### Record excerpts

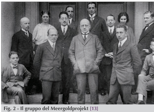
Fig. 2 - Il gruppo del Meergoldprojekt [13]

trando quantità di oro coerenti con i valori medi trovati in precedenza. In particolare, Haber riteneva significativo il fatto che nel Mare del Nord la concentrazione del metallo aumentasse man mano che i campioni venivano prelevati lontano dalla foce dei fiumi e tendesse proporzionalmente alla concentrazione salina dell'acqua di mare. Era perciò ragionevole che anche in alto mare l'oro fosse presente con una distribuzione omogenea ed in quantità sufficiente [15]. Le analisi dell'acqua del Reno (1925) indicavano la via della ricerca "verso il mare". Haber scrisse: « Il Reno è un fiume d'oro e, del resto, lo stato del Baden un secolo fa ve ne aveva ricavato l'oro per le sue monete... Con un semplice calcolo si poteva prevedere che nel corso di un anno la quantità di oro trasportata dal fiume fosse circa 200 kg » [16].
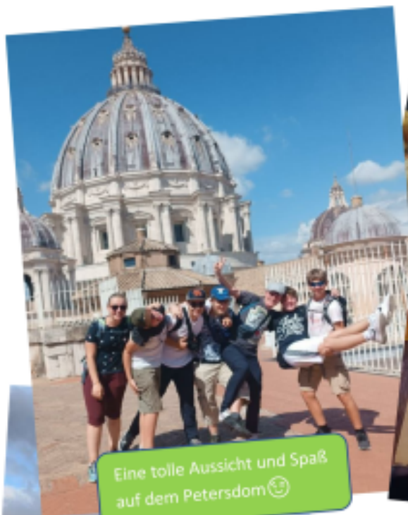
Eine tolle Aussicht und Spaß auf dem Petersdom 😊
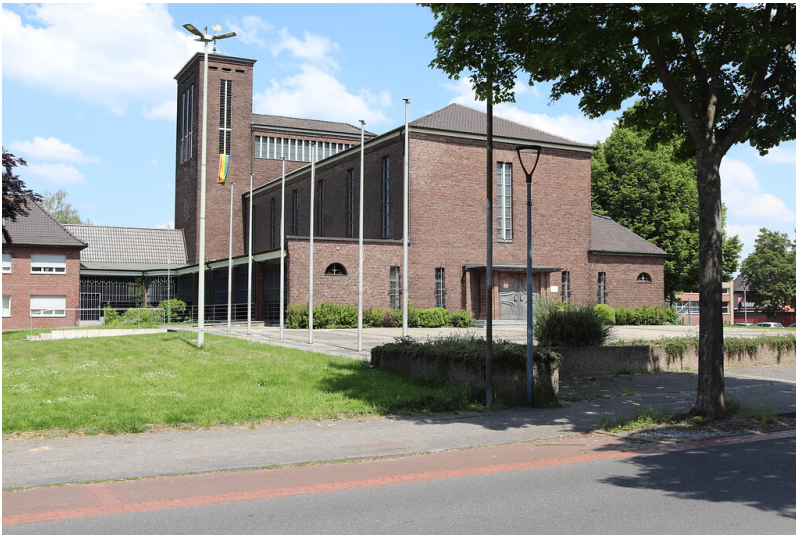
Katholische Kirche Sankt Theresia in Palenberg (2021)
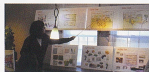
2017年3月、卒業課題のプレゼンテーション。インテリアの知識がまるでなかった生徒もここまでくればプロへの自覚が芽生えるまでに。それぞれの個性溢れる提案に成長を感じます。
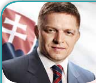
Robert Fico, SMER-SD

Pred prezidentskými voľbami sme kandidátom položili anketové otázky: Aký máte názor na zámer ťažby zlato-strieborných rúd v Kremnici? Budete sa v tejto veci angažovať ako prezident SR? Ak áno, ako? Tu sú odpovede najdôležitejších kandidátov, z ktorých jeden sa stane hlavou štátu.
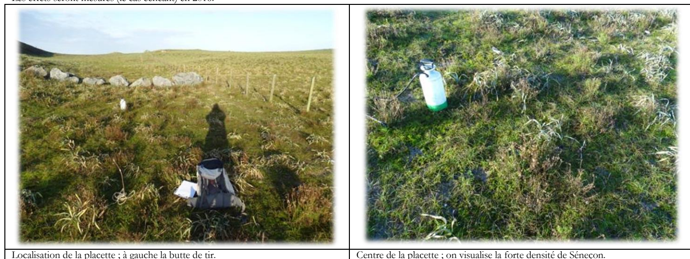
Localisation de la placette ; à gauche la butte de tir.

Les effets seront mesurés (le cas échéant) en 2016.
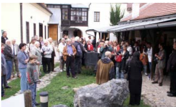
Ze zahájení výstavy.
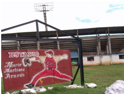
Estadio Mario Martínez Ararás

En cuanto al estado del estadio un funcionario del INDER (Instituto Nacional de Deporte y Recreación) señaló: "La institución no cuenta con los fondos necesarios para acometer las obras de reparación".
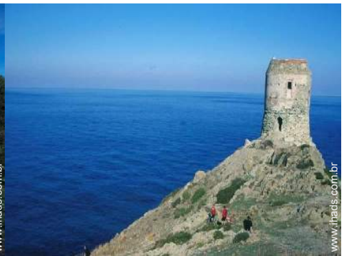
BTT (itinerário circuito)
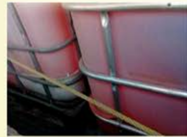
Por Agencia MVT.

Aculco, México, 8 de enero 2018.- Elementos de la Secretaría de Seguridad del Estado de México (SSEM), en

### To do
The copy should hold exactly the lines from the line containing "BTT (itinerário circuito)" through the last line of the records, both included, and no pictures or other lines.

### Result
BTT (itinerário circuito)
Por Agencia MVT.

Aculco, México, 8 de enero 2018.- Elementos de la Secretaría de Seguridad del Estado de México (SSEM), en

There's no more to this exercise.